Voice Warrior
I tease my husband because he makes up words. They are close to the real thing but not really the real thing. He’ll say “alloy” instead of aloe or “chimsy” instead of chintzy. But I absolutely love this about him. I love that he has his own vocabulary, his own unique way of being. It inspires me to come up with my own.
The vocabulary we speak tells us a lot about who we really are. What our lives are about. The words we speak over and over are really the descriptors, or tags, that tell other people all about us. What we like, what we hate, our attitude. We become transparent through our chosen vocabulary.
I think of mine not so much in words, but in actions. I tend to be shy and reserved and a pushover, so my new vocabulary is telling people what I love about them, or saying “no” when I really don’t want to do something. I’m really trying to be a voice warrior. I’m trying to have as little discrepancy as possible between what I feel and what I actually do. I’m learning it’s OK to set boundaries, that I don’t have to do everything for everyone in order to be loved. Why is that so hard to do? These are my things I need to learn.

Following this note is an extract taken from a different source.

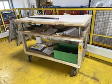 1 Alu-Arbeitstisch, m. Holzauflage, ca. 1.300 x 770 mm, Arbeitshöhe: ca. 1.000 mm, fahrbar, m. Feststellbremse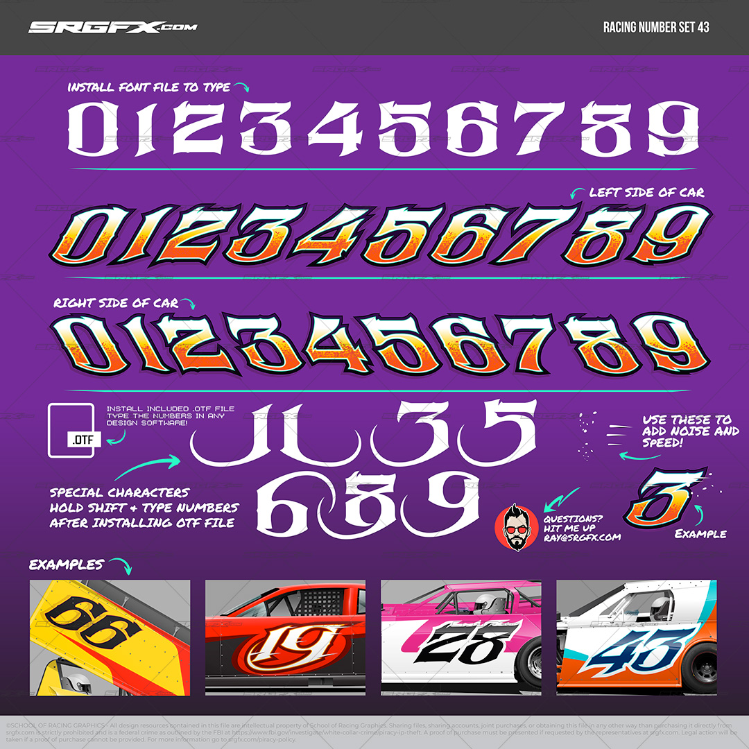Black Letter Racing Number Set 43 features an aggressive aesthetic that ensures your next wrap design demands attention with attitude. The crisp edges and rounded shapes enhance attitude at high speeds, giving the design noticeably and a readable edge. Simple to customize and apply, these numbers provide a professional look for race wraps at all levels.

“You are what you do, not what you say you’ll do.” – Carl Jung
That’s like a parent saying do what I say not what I do. It’s hard work correlating the two. What we’re trying to find is the balance.
It’s also incredibly boring trying to fit in all the time. And honestly I’ve never really quite fit in anywhere. Developing a personal vocabulary leads to the authentic truth of ourselves. I like to think developing our own vocabulary is a direct path to those deeper places within that have been overlooked. Those places that define us and shape who we are.
Vocabulary has a profound meaning for our lives, whatever form it takes. Whether it’s a belly dancing class or growing asparagus, all of our chosen vocabulary are sign posts to who we really are. When we venture there we get the gift of becoming more of who we truly are. By speaking or living our true vocabulary we translate the reality of who we are into daily lives.
Although we do these things for ourselves, for our growth, it also enhances the lives of those around us. The happier we are, the happier we make other people. It’s a ripple effect. That’s just the side benefits of being true to yourself.
So what does your new vocabulary look like?